Les professionnels de l’investissement connaissent bien ces biais ; ils sont en mesure de les contrôler et d’en tirer profit via leurs décisions de gestion.
De plus, les investissements ESG prennent de plus en plus de place dans les réflexions d’investissement ; le
stock-picking permet ainsi d’orienter les flux vers les sociétés qui répondent aux critères extra-financiers
sélectionnés, ce qui à terme et en fonction des investissements considérés est susceptible d’avoir un impact sur les orientations et
décisions prises par les groupes concernés. Certes, il est aujourd’hui possible d’investir dans des ETFs qui regroupent un
ensemble de valeurs avec de « bonnes notes » ESG : BlackRock propose, par exemple, son ETF Developed World ESG,
qui regroupe une centaine de sociétés de différents pays développés avec des notes ESG jugées correctes. Cette
approche quantitative de l’ESG pour la gestion passive s’appuie sur un système de notes attribuées par des
agences de notation externes, mais ne permet pas d’aller suffisamment en profondeur : à fin mai 2024, l’ETF
cité précédemment contenait, par exemple, des parts de la société américaine Meta Platforms, la société mère de
Facebook et d’Instagram qui est au cœur de nombreuses polémiques ESG (fuite de données utilisateur sensibles, pratiques
anticoncurrentielles, problème d’addiction aux réseau sociaux, etc.)

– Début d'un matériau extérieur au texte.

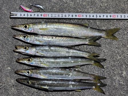 こんなイワシがいるなら、タチも青物も港内にわんさか入ってきそうですが、他のカマスはシラスみたいなのを食っていたわ。

L’analyse ESG au cas par cas, de manière dynamique, n’est possible qu’en gestion active
Source : Banque Transatlantique
La gestion passive a ainsi indéniablement des atouts : elle est facile d’accès pour les petits épargnants et est a priori peu coûteuse. Elle ne permet néanmoins pas de jouer le rôle de garant de l’équilibre des marchés financiers en revalorisant/dévalorisant des titres qui le méritent ; elle ne permet pas non plus d’éviter les biais de comportement. Par ailleurs, comme un ETF investit sur l’ensemble d’un indice, il n’immunise pas l’investisseur contre l’exposition aux pires performances et l’empêchera de facto de surperformer son indice de comparaison. Enfin, à ce stade, seule la gestion active semble calibrée pour appréhender de manière granulaire les caractéristiques environnementales, sociales et de gouvernance d’une société.
Achevé de rédiger le 12/07/2024 par Anthony Durupt, gérant de portefeuilles.